Only the lines from the beginning of the data through the one with "This is my first" belong in the answer, each retyped exactly, with pictures left out.

===== Provided data =====

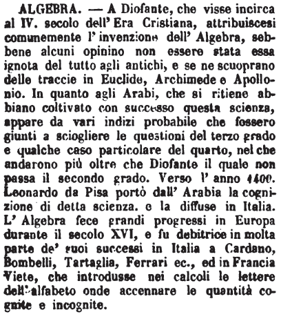 | Algebra - A Diofante, che visse incirca al IV. secolo dell'Era Cristiana, attribuiscesi comunemente l'invenzione dell'Algebra, sebbene alcuni opinino non essere stata essa ignota del tutto agli antichi, e se ne scuoprano delle traccie in Euclide, Archimede e Apollonio. In quanto agli Arabi, che si ritiene abbiano coltivato con successo questa scienza, appare da vari indizi probabile che fossero giunti a sciogliere le questioni del terzo grado e qualche caso particolare del quarto, nel che andarono più oltre che Diofante il quale non passa il secondo grado. Verso l'anno 1400. Leonardo da Pisa portò dall'Arabia la cognizione di detta scienza, e la diffuse in Italia. L'Algebra fece grandi progressi in Europa durante il secolo XVI, e fu debitrice in molta parte de' suoi successi in Italia a Cardano, Bombelli, Tartaglia, Ferrari ec., ed in Francia Viete, che introdusse nei calcoli le lettere dell'alfabeto onde accennare le quantità cognite e incognite. [immagine] |
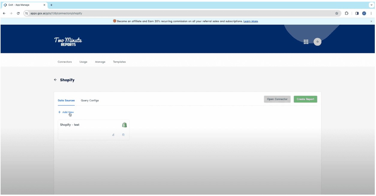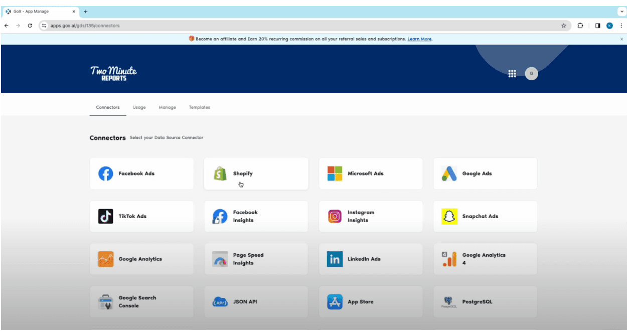 - Use the Two Minute Reports and search for our Shopify connector.
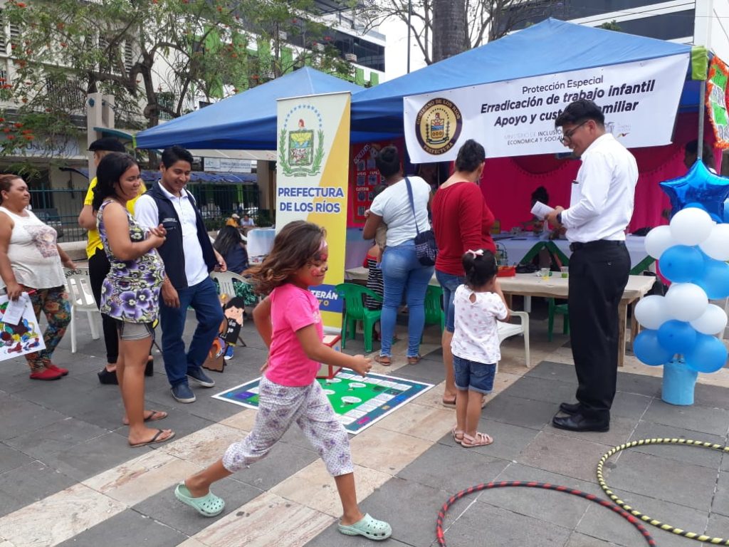 Con el fin de concienciar sobre la problemática del trabajo infantil, técnicos de la Dirección de Desarrollo Social, del Gobierno de Los Ríos, instalaron una carpa lúdica en el parque central de Quevedo, en la que los ciudadanos pudieron interactuar y conocer diversos aspectos relacionados con la misma.
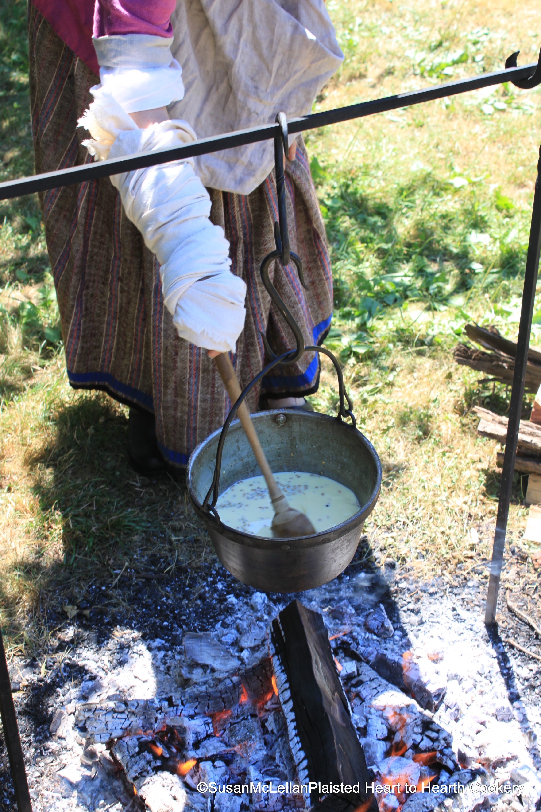 This is my first ice cream (cream ice) for National Ice Cream Month 2010. And it contains coriander! This is a different Royal Cream Ice than the one I posted last year. A different reciept that you infuse bruised coriander seed, cinnamon, candied orange peel and candied lemon peel in cream mixed with egg yolks. You can see me (pictured left) continually stirring the custard as the flavor is infusing. The coriander seed is floating at the top of the kettle. I have my arm wrapped in linen to protect it from blistering in the heat of the fire and the day! The blend of flavors was very pleasing and many visitors were in awe of the blend. This is the first of a number of ice cream receipts that I will make this July-National Ice Cream month 2010!
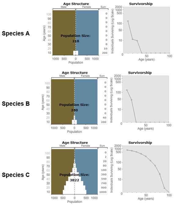 Study the age structures and their corresponding survivorship curves below. They represent different populations of a bear species, a mosquito species, and a pelican species.
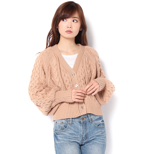 【送料無料】 ざっくりとしたケーブル編みのニュアンスが魅力のコットン混カーディガン。ふんわりとしたボリューム袖が印象的で、裾と袖口はリブ仕上げのためタイトに収まります。程よいショート丈なのでどんなボトムスとも好相性。さらっと羽織ってもさまになるアイテムです。 ガリャルダガランテ/GALLARDAGALANTE トップス|カーディガン
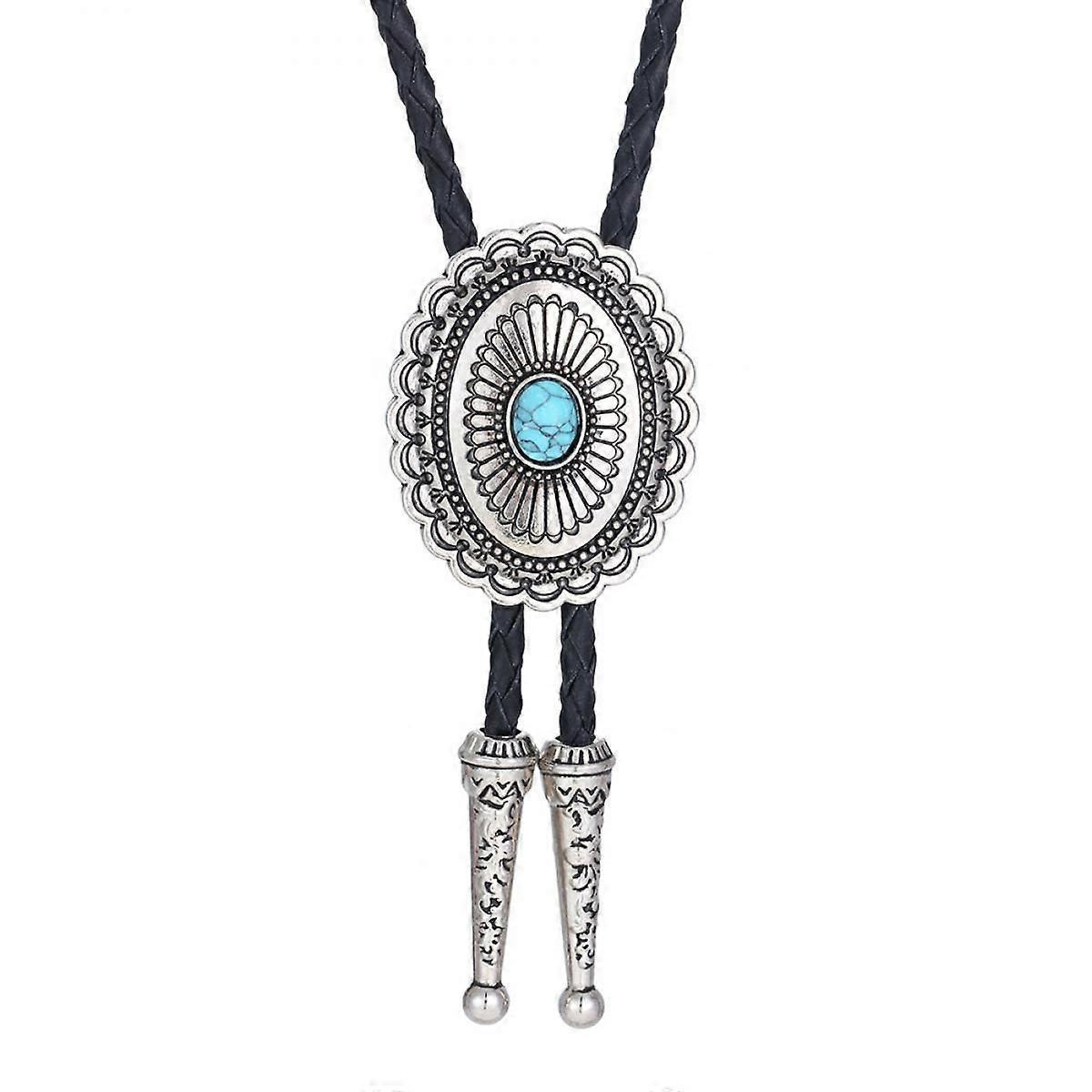 Vintage Turquoise Stone Bolo Tie For Men Western Cowboy Oval Cool Retro Bola Tie Necktie
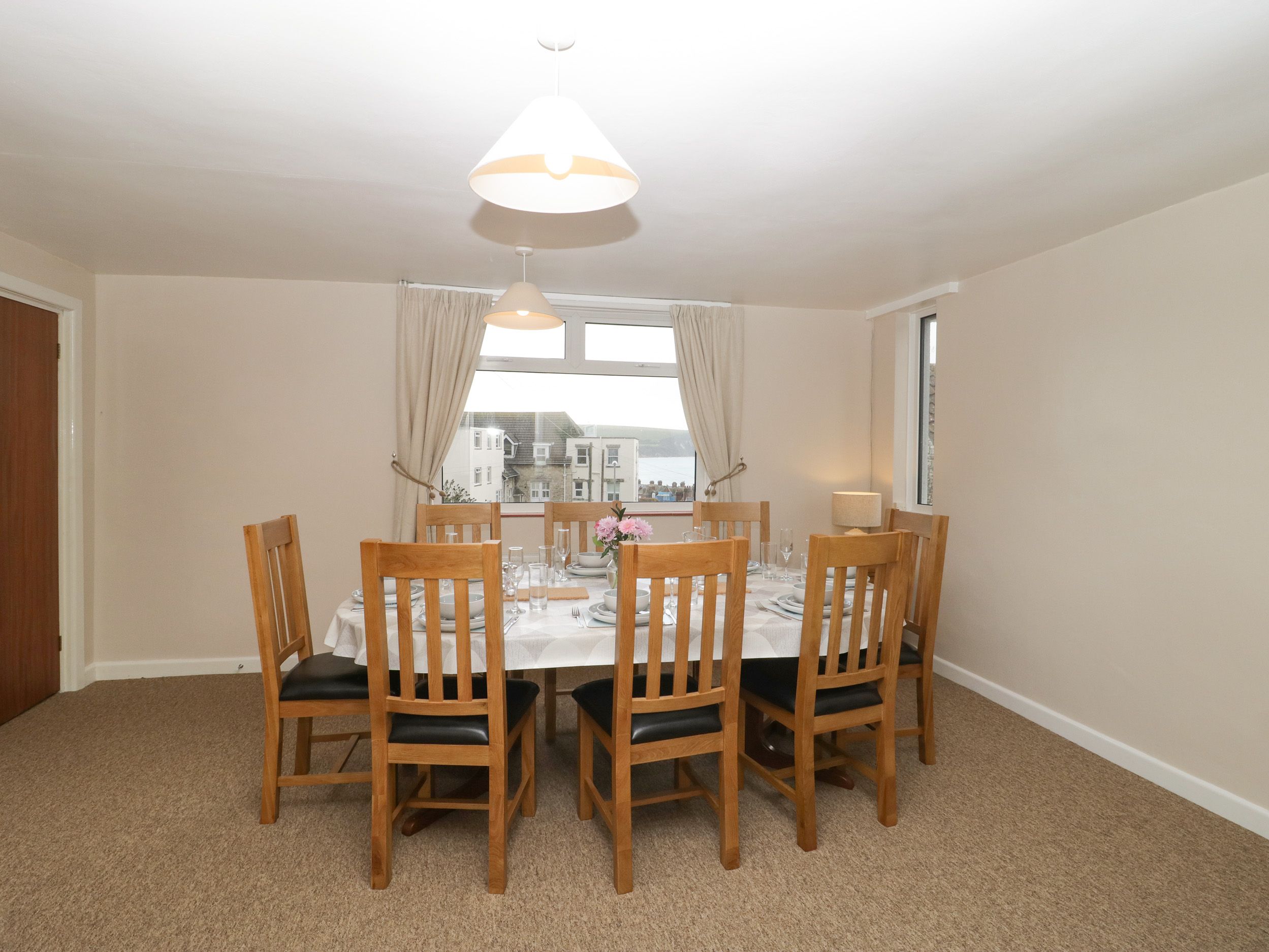Accomodation Details All-ground-floor. Three bedrooms: 1 x family room with king-size and single, 1 x double and 1 x twin. Bathroom with bath, separate walk-in shower, basin, heated towel rail, mirror and WC. Shower room with walk-in shower, basin, heated towel rail, mirror and WC. Kitchen with electric double oven, induction hob, microwave, fridge, freezer, dishwasher. Utility room/entrance with washing machine, fridge and plenty of space for buggies, coats & shoes etc. Dining room with TV. Sitting room with TV and DVD player. Conservatory leading to patio area with benches. Front lawns with sea views. Raised balcony with sea views.
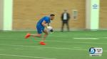 Mathews out-jumped the field with a 38-inch vertical leap and a 10-foot, 9-inch broad jump — both personal bests. He then blew away the crowd of onlookers with his 40 time, finishing in an unofficial time of 4.42 seconds.
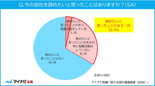 入社2カ月時点で「会社を辞めたいと思ったことがある」新入社員は33.4%。一方、そのうち転職活動をしている人は3.4%で、不満を持ちながらも勤務を続けている様子がうかがえる。
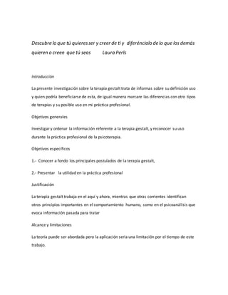 La terapia gestalt es una terapia centrada en el presente ("aquí y ahora") que busca ayudar a las personas a comprender sus comportamientos a través de la introspección directa y la reexperimentación de experiencias pasadas. Se basa en principios holísticos donde el todo es más que la suma de las partes, y busca que el cliente asuma responsabilidad por sí mismo a través del autoconocimiento.
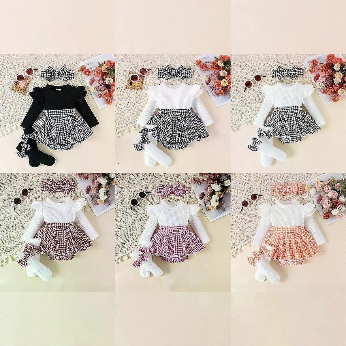 Sleeve Plaid Hakama Toddler Sock Bow Tiara Three-piece Children Skirt Cute Baby Suit Girl Dress Solid Color Fly Sleeve Long Kid
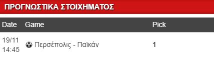 Θα αποφύγω να πάρω τον άσο στο -1 ασιατικό χάντικαπ, αφού πιστεύω ότι η Περσέπολις θα αρκεστεί και στη νίκη με ένα γκολ διαφορά. Καλή τύχη στις επιλογές σας.
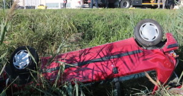 Le foto dell'utilitaria rovesciata sono impressionanti.
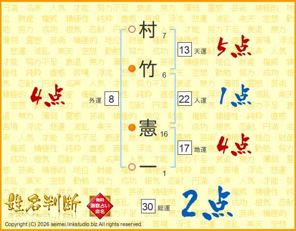 あなたの人生を表す1番重要な運勢です。生涯を通じて影響する総合運となり、主に50歳以降の晩年期に影響を及ぼします。苗字と名前の合計画数。
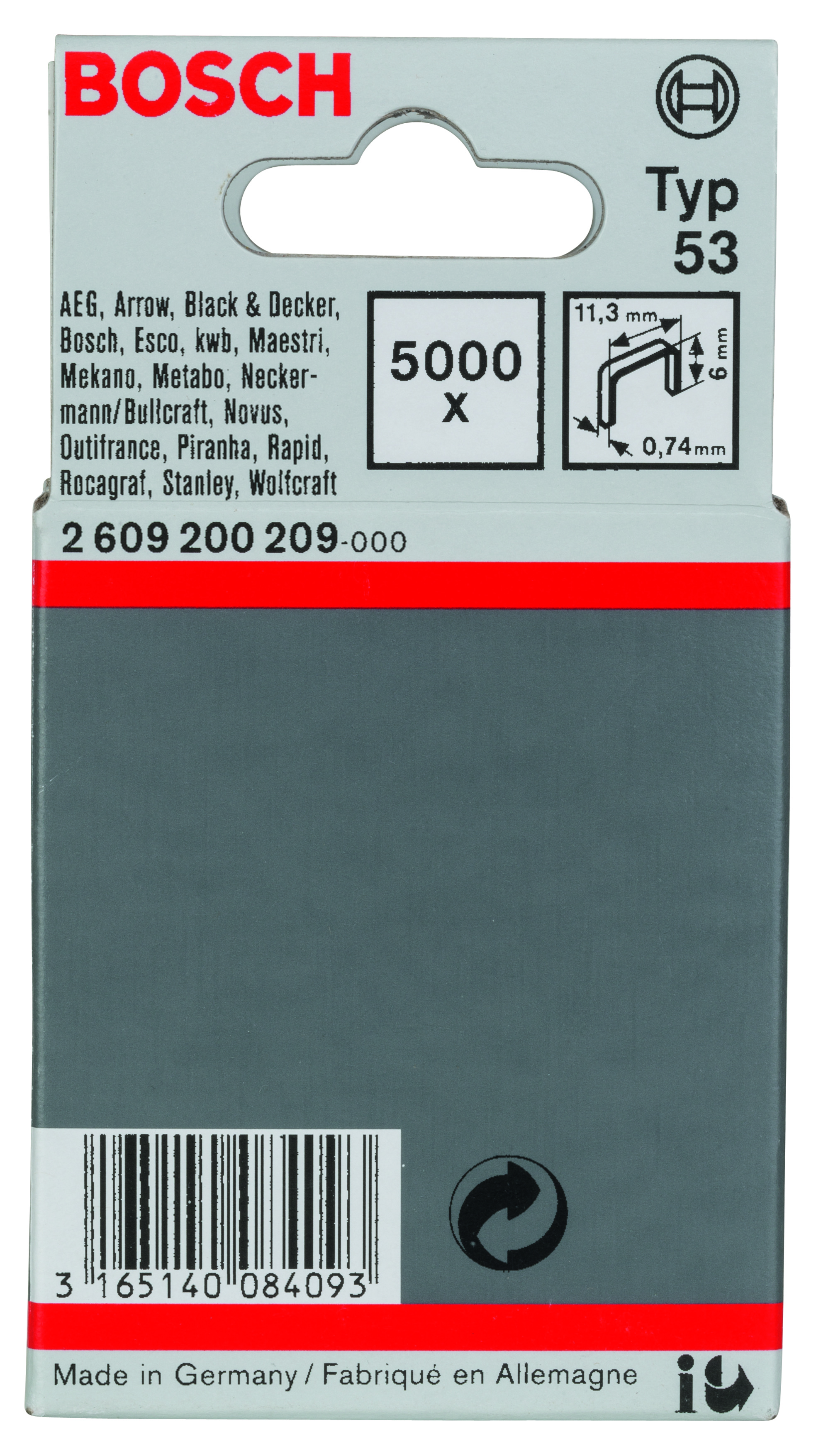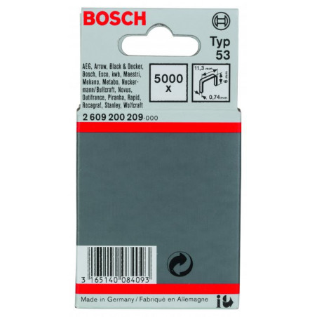 Emballage: 5000Marque: BoschRéférence: 2609200209EAN: 3165140084093Description: Agrafe à fil fin de type 53- 11,4 x 0,74 x 6 mm 5000x

=====

» Solution
 | Algebra - A Diofante, che visse incirca al IV. secolo dell'Era Cristiana, attribuiscesi comunemente l'invenzione dell'Algebra, sebbene alcuni opinino non essere stata essa ignota del tutto agli antichi, e se ne scuoprano delle traccie in Euclide, Archimede e Apollonio. In quanto agli Arabi, che si ritiene abbiano coltivato con successo questa scienza, appare da vari indizi probabile che fossero giunti a sciogliere le questioni del terzo grado e qualche caso particolare del quarto, nel che andarono più oltre che Diofante il quale non passa il secondo grado. Verso l'anno 1400. Leonardo da Pisa portò dall'Arabia la cognizione di detta scienza, e la diffuse in Italia. L'Algebra fece grandi progressi in Europa durante il secolo XVI, e fu debitrice in molta parte de' suoi successi in Italia a Cardano, Bombelli, Tartaglia, Ferrari ec., ed in Francia Viete, che introdusse nei calcoli le lettere dell'alfabeto onde accennare le quantità cognite e incognite. [immagine] |
 - Use the Two Minute Reports and search for our Shopify connector.
 Con el fin de concienciar sobre la problemática del trabajo infantil, técnicos de la Dirección de Desarrollo Social, del Gobierno de Los Ríos, instalaron una carpa lúdica en el parque central de Quevedo, en la que los ciudadanos pudieron interactuar y conocer diversos aspectos relacionados con la misma.
 This is my first ice cream (cream ice) for National Ice Cream Month 2010. And it contains coriander! This is a different Royal Cream Ice than the one I posted last year. A different reciept that you infuse bruised coriander seed, cinnamon, candied orange peel and candied lemon peel in cream mixed with egg yolks. You can see me (pictured left) continually stirring the custard as the flavor is infusing. The coriander seed is floating at the top of the kettle. I have my arm wrapped in linen to protect it from blistering in the heat of the fire and the day! The blend of flavors was very pleasing and many visitors were in awe of the blend. This is the first of a number of ice cream receipts that I will make this July-National Ice Cream month 2010!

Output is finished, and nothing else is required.